Records to use >>
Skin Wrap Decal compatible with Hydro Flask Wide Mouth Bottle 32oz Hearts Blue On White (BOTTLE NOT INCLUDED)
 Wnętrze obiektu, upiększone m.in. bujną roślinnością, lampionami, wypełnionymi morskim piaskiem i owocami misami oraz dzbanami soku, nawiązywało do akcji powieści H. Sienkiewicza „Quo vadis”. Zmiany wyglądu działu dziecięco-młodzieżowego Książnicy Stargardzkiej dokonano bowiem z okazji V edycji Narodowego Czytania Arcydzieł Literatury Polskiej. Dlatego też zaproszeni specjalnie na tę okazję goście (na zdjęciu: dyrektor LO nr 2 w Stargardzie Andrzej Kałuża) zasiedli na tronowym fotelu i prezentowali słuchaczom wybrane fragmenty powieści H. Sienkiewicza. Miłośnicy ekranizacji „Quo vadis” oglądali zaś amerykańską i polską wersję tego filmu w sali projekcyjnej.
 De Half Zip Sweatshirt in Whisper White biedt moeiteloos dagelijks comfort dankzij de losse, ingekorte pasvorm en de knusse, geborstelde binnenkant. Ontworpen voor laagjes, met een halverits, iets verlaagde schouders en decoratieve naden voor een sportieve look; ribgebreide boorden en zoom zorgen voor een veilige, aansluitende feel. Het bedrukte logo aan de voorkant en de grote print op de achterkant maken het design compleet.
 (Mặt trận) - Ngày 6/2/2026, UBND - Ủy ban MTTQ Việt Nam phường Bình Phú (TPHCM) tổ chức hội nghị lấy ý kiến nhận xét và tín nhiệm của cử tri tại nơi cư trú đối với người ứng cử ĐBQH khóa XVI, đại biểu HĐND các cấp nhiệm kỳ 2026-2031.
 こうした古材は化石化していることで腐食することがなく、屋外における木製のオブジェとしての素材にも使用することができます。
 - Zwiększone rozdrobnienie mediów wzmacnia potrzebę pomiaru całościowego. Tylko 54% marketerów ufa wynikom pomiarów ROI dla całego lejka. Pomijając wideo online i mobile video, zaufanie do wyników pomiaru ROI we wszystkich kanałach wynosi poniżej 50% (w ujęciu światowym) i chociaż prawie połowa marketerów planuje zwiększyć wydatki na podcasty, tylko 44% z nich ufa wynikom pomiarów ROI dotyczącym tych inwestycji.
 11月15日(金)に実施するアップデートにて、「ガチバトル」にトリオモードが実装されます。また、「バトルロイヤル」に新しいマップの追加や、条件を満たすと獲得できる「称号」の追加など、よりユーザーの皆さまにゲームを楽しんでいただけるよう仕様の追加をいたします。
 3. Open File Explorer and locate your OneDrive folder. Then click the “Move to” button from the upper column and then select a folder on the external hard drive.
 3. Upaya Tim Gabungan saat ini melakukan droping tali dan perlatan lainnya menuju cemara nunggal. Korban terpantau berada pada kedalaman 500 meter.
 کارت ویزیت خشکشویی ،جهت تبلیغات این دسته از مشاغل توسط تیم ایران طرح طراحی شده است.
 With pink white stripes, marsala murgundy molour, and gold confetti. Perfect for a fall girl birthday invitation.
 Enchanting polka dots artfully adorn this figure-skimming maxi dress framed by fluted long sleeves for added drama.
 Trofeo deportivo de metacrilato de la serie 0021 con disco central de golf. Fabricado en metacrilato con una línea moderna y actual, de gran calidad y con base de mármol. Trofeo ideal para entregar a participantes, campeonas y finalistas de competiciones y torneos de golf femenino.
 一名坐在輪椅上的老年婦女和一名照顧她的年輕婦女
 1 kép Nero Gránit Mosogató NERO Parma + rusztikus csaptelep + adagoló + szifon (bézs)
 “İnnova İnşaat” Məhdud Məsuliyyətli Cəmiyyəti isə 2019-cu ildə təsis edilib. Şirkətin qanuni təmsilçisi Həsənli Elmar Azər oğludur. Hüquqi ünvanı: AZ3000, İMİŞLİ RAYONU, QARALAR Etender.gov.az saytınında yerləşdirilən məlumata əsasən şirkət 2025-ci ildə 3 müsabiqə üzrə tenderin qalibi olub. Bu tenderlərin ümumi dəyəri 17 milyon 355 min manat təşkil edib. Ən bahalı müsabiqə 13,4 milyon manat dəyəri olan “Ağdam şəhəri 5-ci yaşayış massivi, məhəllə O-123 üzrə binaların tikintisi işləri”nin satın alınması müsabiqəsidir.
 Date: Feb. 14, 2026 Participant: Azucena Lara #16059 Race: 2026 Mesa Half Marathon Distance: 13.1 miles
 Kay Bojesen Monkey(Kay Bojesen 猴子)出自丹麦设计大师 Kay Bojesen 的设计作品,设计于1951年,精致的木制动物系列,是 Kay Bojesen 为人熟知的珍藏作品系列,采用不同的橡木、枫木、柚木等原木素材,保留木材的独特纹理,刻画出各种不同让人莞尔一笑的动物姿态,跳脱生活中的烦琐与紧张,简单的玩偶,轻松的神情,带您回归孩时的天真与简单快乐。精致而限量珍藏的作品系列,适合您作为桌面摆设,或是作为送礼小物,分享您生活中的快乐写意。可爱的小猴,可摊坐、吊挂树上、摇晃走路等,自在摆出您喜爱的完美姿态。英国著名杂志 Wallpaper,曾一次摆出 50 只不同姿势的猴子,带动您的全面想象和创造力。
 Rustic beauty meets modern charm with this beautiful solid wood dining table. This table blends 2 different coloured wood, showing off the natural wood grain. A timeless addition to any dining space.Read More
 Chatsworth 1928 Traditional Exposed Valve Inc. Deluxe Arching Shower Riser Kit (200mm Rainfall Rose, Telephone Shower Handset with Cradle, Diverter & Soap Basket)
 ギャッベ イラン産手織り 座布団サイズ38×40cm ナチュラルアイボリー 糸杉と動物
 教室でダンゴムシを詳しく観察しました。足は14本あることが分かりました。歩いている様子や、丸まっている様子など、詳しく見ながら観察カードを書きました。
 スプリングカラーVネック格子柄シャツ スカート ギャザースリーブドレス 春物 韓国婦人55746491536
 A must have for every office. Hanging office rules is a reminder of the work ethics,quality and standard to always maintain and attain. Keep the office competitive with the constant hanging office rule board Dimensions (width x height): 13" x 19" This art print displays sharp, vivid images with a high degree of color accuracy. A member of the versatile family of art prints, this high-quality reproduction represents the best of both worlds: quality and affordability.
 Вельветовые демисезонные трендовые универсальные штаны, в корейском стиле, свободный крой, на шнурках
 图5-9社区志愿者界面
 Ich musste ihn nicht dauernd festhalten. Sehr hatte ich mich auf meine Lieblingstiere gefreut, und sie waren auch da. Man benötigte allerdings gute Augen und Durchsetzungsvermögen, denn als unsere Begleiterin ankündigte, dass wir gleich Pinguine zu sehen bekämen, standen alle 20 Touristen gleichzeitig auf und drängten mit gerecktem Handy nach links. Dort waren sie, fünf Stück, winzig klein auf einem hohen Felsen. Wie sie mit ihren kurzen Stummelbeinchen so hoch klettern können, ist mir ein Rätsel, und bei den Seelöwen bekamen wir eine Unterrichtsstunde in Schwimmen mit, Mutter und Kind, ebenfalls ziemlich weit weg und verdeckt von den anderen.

Task directions >>
Among the records above, a stretch begins at the line containing "3. Upaya Tim" and ends at the line containing "With pink white". Restate that stretch word for word, and nothing else.

Response >>
 3. Upaya Tim Gabungan saat ini melakukan droping tali dan perlatan lainnya menuju cemara nunggal. Korban terpantau berada pada kedalaman 500 meter.
 کارت ویزیت خشکشویی ،جهت تبلیغات این دسته از مشاغل توسط تیم ایران طرح طراحی شده است.
 With pink white stripes, marsala murgundy molour, and gold confetti. Perfect for a fall girl birthday invitation.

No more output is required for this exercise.